(Task input)
******
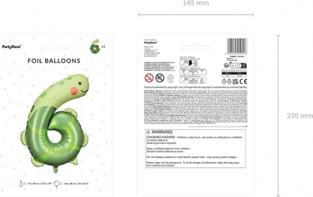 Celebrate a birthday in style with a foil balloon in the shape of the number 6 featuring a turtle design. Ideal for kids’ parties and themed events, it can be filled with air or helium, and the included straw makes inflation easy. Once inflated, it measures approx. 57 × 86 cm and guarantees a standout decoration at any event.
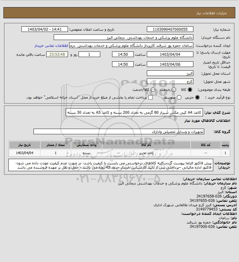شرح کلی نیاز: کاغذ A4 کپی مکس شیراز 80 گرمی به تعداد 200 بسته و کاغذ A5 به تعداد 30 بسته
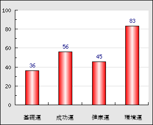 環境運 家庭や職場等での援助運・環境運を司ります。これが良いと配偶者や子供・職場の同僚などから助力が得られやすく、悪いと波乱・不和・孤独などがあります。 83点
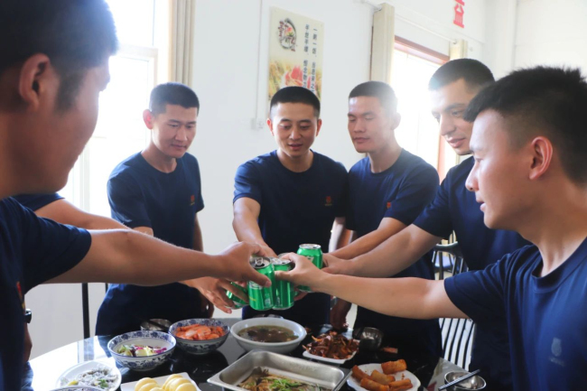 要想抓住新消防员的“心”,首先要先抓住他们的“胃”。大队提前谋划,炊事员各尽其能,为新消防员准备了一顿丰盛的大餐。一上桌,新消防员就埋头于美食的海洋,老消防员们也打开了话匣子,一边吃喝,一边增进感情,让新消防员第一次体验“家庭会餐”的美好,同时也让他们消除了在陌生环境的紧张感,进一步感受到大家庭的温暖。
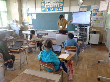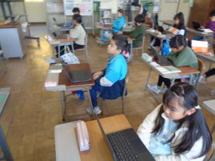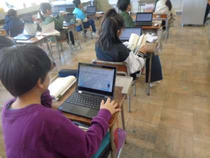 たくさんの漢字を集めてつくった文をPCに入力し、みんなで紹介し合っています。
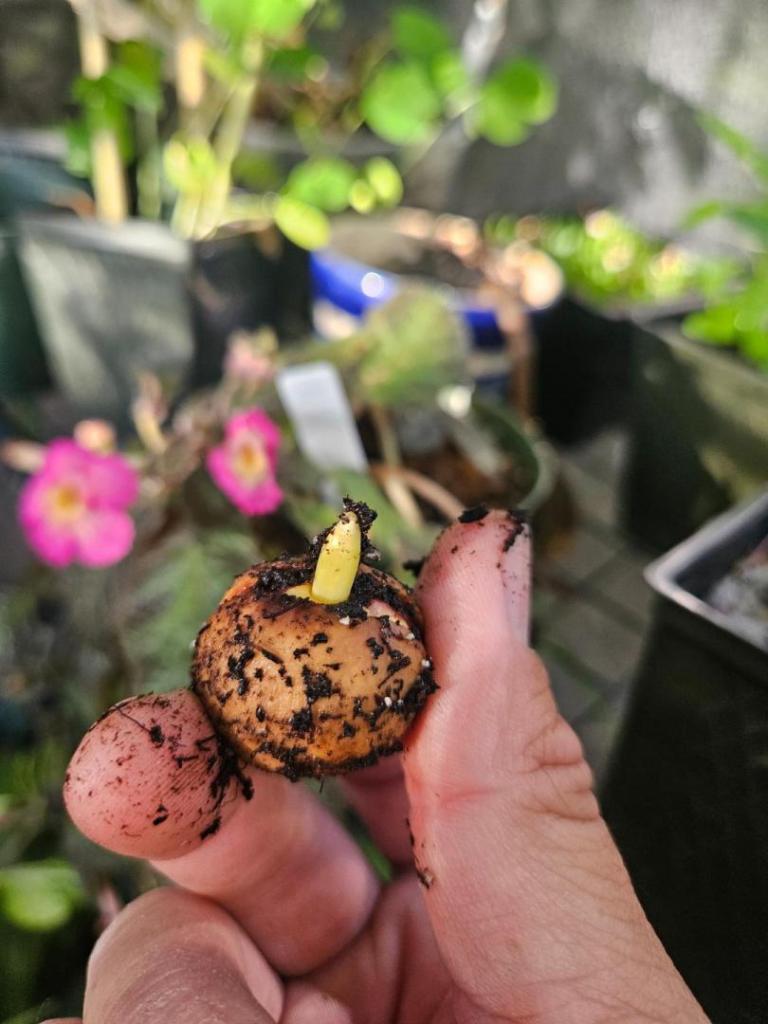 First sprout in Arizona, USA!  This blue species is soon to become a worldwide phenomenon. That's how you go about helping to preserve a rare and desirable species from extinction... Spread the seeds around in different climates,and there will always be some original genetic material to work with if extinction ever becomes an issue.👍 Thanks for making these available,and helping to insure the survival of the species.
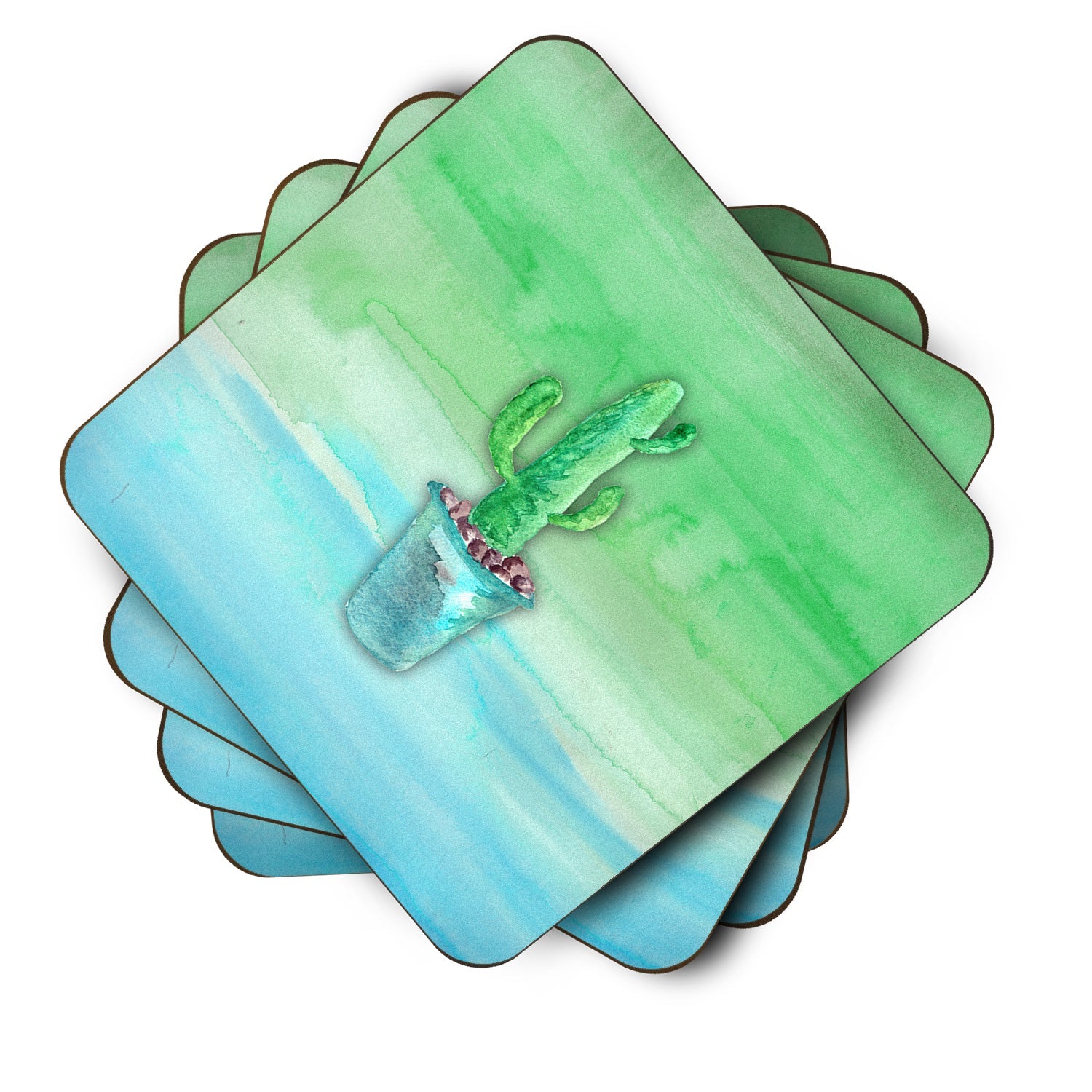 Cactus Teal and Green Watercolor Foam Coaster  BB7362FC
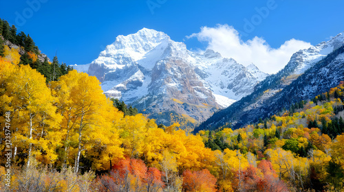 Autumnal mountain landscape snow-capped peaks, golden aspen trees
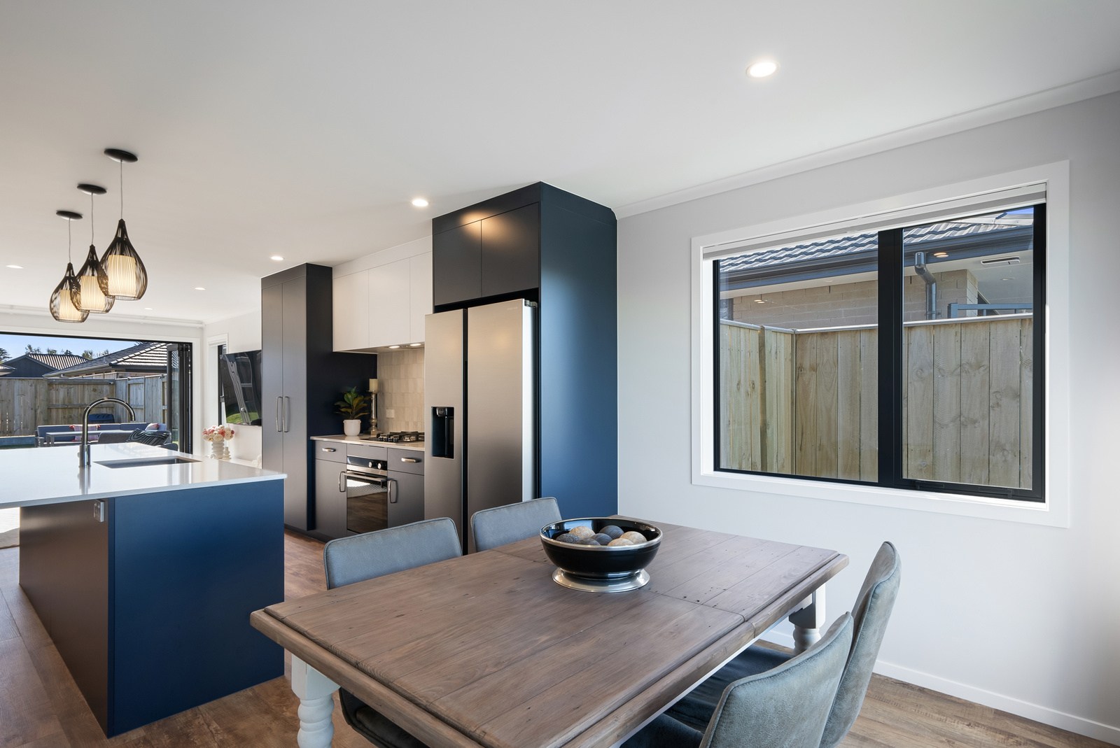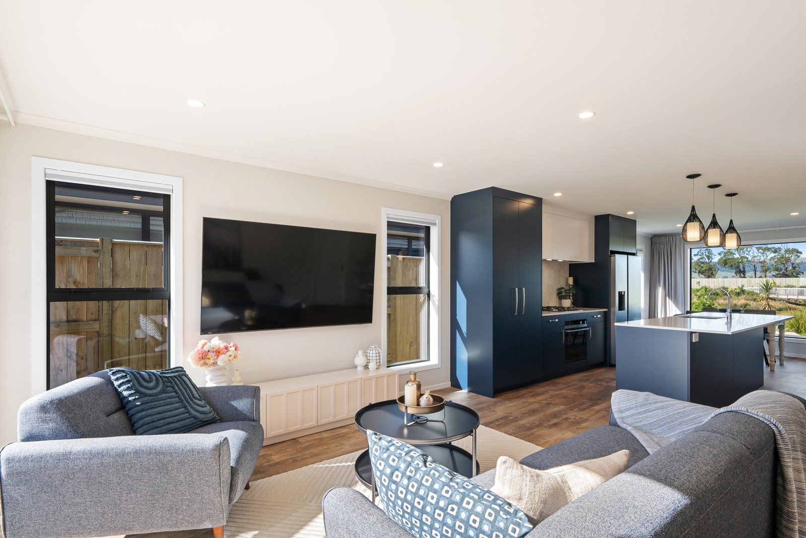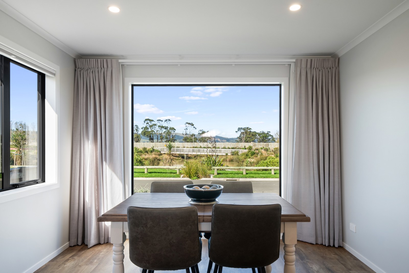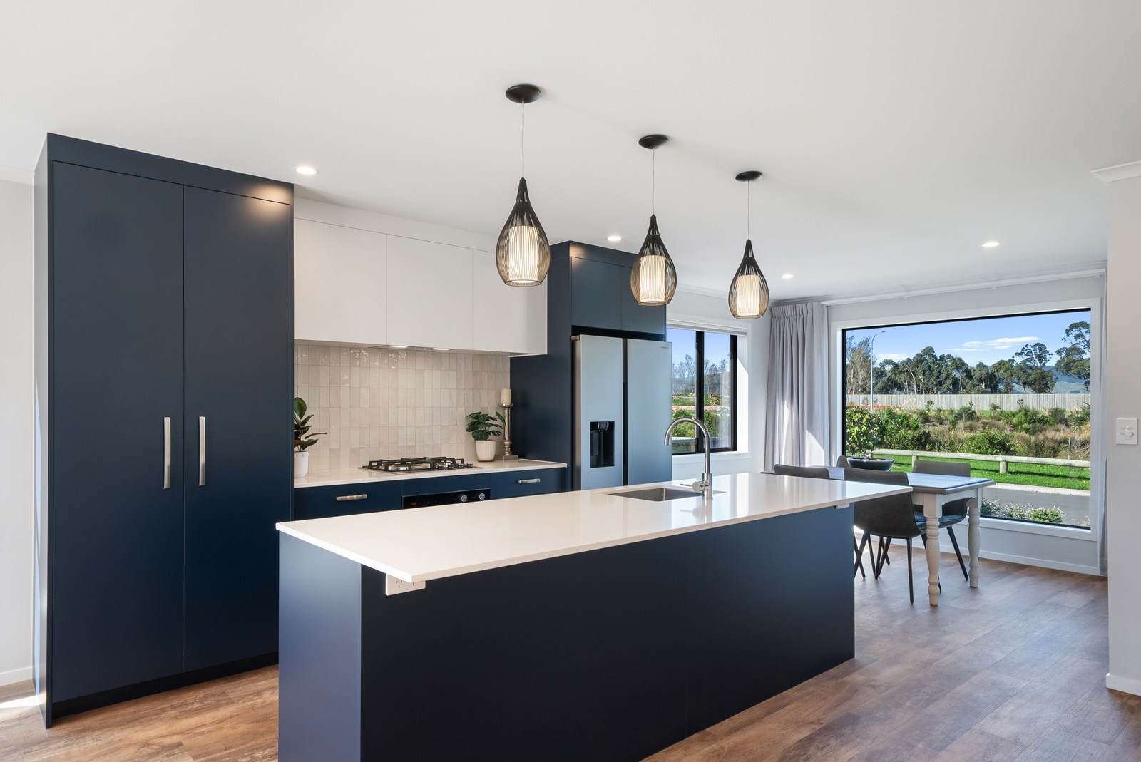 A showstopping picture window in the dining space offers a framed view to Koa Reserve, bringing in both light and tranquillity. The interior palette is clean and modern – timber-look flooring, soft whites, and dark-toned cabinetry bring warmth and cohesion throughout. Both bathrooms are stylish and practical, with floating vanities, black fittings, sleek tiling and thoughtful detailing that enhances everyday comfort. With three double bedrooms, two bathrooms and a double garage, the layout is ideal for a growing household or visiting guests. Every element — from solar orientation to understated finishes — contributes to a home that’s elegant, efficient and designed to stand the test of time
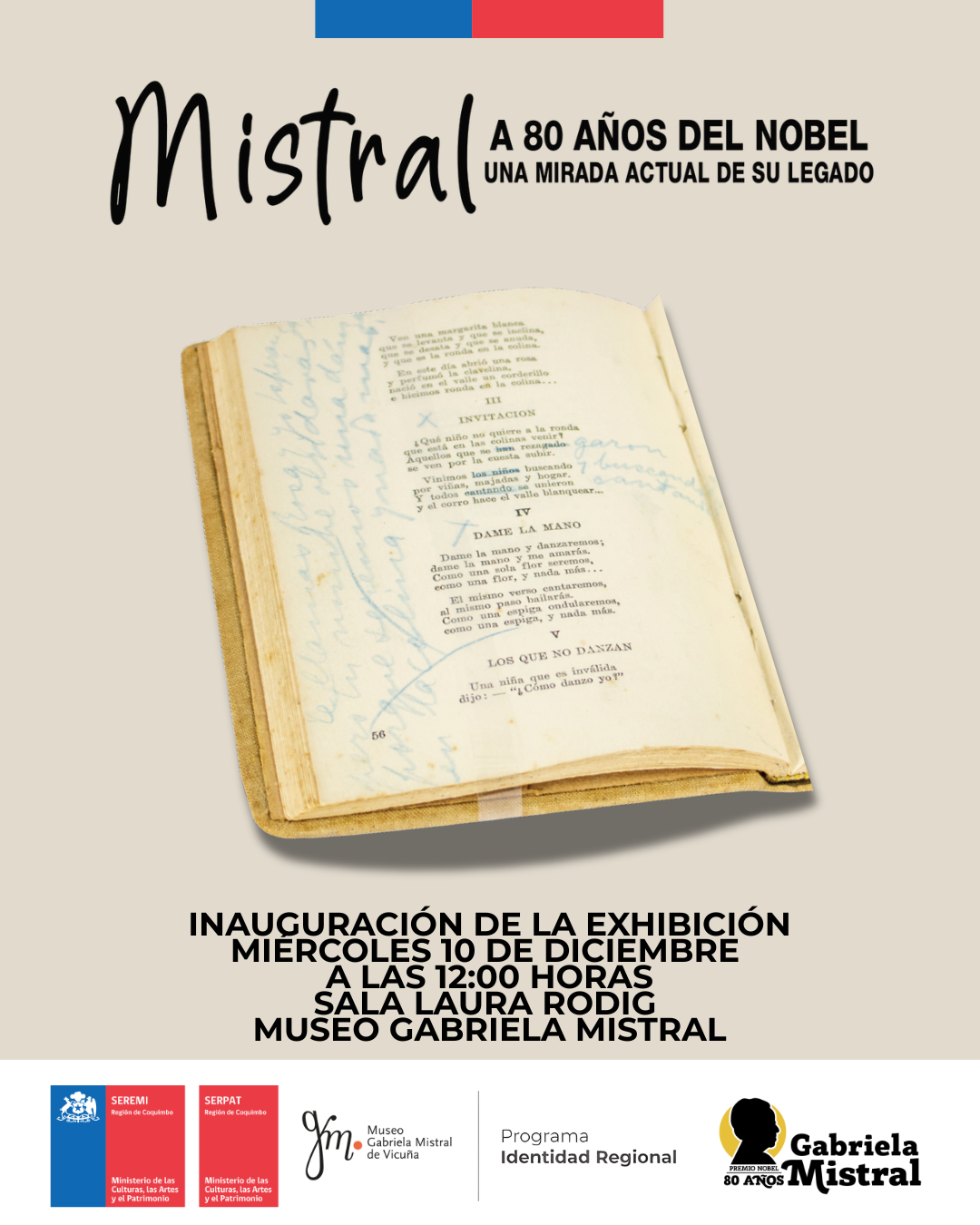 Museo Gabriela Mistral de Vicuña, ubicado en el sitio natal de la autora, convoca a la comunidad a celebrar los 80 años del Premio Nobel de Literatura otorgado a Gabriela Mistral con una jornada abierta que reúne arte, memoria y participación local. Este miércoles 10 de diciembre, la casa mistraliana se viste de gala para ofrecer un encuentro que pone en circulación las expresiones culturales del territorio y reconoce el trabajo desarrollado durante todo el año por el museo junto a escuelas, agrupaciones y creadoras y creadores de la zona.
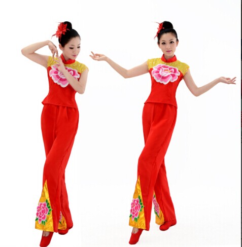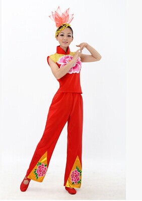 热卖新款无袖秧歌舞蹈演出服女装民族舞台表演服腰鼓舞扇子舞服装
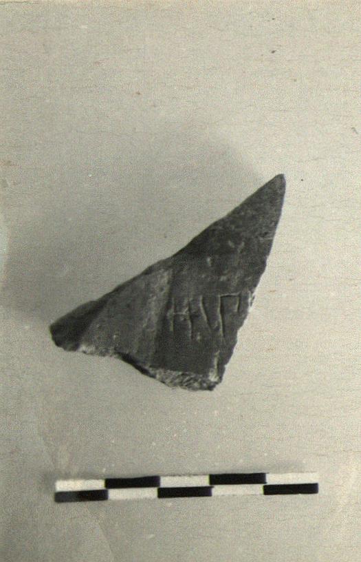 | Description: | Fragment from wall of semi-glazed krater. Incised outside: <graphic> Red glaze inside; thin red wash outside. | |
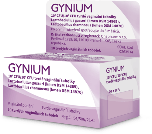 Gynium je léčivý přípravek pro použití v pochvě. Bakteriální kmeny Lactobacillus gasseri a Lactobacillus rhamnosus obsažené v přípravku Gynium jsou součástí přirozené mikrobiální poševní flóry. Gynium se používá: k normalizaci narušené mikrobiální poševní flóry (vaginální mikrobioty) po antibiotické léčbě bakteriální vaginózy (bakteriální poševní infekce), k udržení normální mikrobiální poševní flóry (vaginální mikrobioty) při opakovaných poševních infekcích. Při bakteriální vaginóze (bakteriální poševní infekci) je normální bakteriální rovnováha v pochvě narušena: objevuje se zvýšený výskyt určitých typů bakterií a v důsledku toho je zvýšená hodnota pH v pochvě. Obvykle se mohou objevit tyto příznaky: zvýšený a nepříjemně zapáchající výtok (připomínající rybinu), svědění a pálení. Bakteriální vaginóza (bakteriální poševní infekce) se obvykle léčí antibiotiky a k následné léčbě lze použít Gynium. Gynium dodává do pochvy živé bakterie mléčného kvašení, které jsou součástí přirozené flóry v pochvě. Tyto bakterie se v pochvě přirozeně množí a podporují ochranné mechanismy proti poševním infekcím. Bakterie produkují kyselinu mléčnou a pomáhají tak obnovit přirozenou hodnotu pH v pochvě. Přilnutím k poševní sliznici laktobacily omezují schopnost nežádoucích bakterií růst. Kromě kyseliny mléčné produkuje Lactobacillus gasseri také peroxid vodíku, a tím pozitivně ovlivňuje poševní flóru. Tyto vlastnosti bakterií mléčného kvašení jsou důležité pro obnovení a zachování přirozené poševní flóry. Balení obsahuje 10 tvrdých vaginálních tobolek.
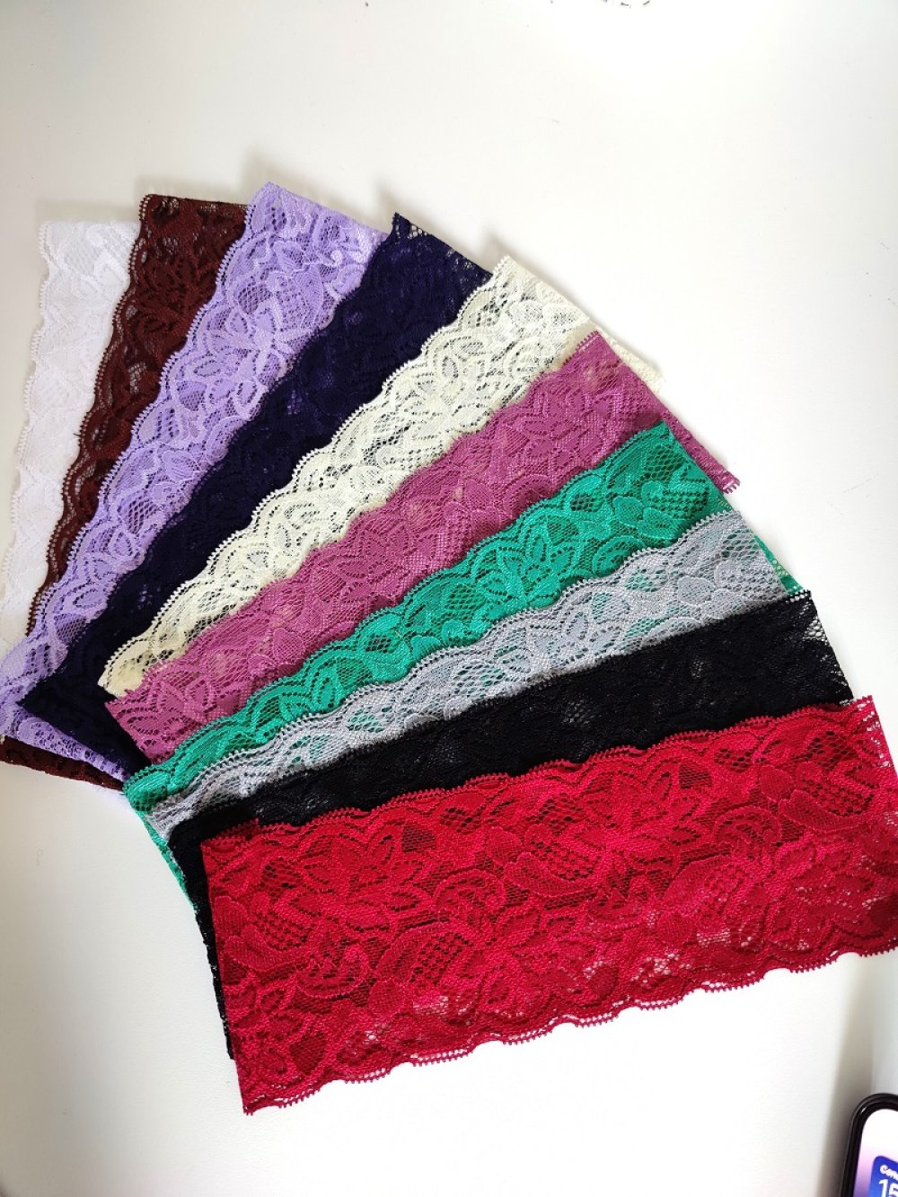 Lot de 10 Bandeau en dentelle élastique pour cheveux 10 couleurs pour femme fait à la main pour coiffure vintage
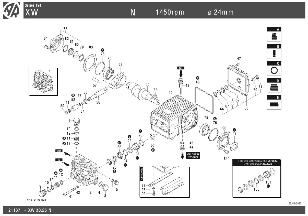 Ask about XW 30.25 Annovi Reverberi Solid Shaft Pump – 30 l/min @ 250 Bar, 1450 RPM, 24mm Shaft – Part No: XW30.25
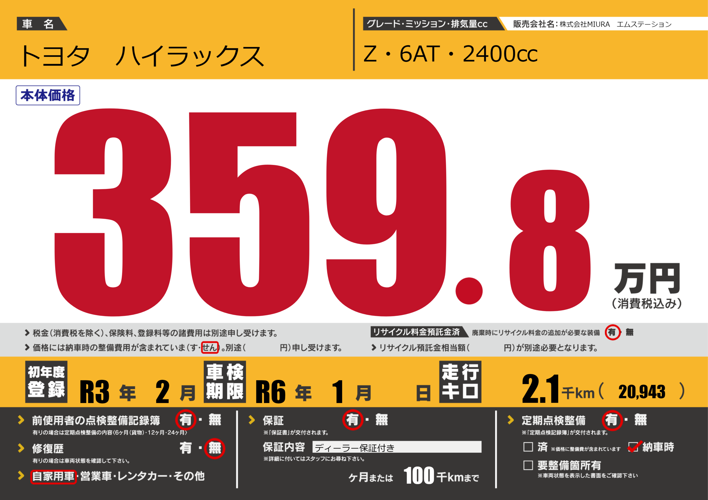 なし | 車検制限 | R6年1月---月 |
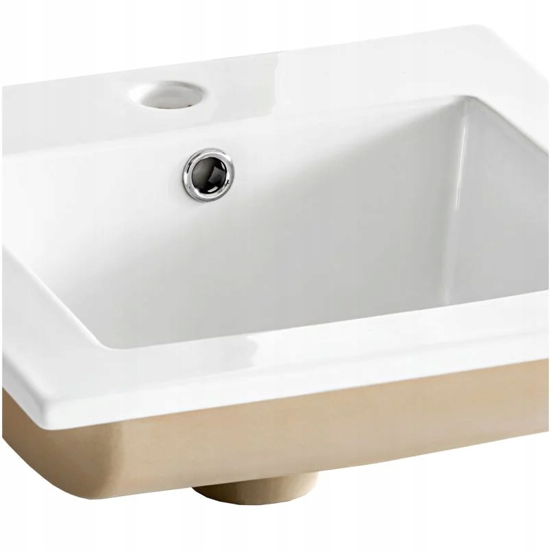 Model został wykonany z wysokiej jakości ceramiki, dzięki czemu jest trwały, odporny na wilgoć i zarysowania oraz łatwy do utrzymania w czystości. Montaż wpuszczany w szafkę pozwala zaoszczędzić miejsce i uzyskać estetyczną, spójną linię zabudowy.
******
(Task prompt) In the data above, start at the line holding "Autumnal mountain landscape" and stop after the line holding "outside. | |"; write out those lines exactly, without pictures.

(Response to the exercise)
 Autumnal mountain landscape snow-capped peaks, golden aspen trees
 A showstopping picture window in the dining space offers a framed view to Koa Reserve, bringing in both light and tranquillity. The interior palette is clean and modern – timber-look flooring, soft whites, and dark-toned cabinetry bring warmth and cohesion throughout. Both bathrooms are stylish and practical, with floating vanities, black fittings, sleek tiling and thoughtful detailing that enhances everyday comfort. With three double bedrooms, two bathrooms and a double garage, the layout is ideal for a growing household or visiting guests. Every element — from solar orientation to understated finishes — contributes to a home that’s elegant, efficient and designed to stand the test of time
 Museo Gabriela Mistral de Vicuña, ubicado en el sitio natal de la autora, convoca a la comunidad a celebrar los 80 años del Premio Nobel de Literatura otorgado a Gabriela Mistral con una jornada abierta que reúne arte, memoria y participación local. Este miércoles 10 de diciembre, la casa mistraliana se viste de gala para ofrecer un encuentro que pone en circulación las expresiones culturales del territorio y reconoce el trabajo desarrollado durante todo el año por el museo junto a escuelas, agrupaciones y creadoras y creadores de la zona.
 热卖新款无袖秧歌舞蹈演出服女装民族舞台表演服腰鼓舞扇子舞服装
 | Description: | Fragment from wall of semi-glazed krater. Incised outside: <graphic> Red glaze inside; thin red wash outside. | |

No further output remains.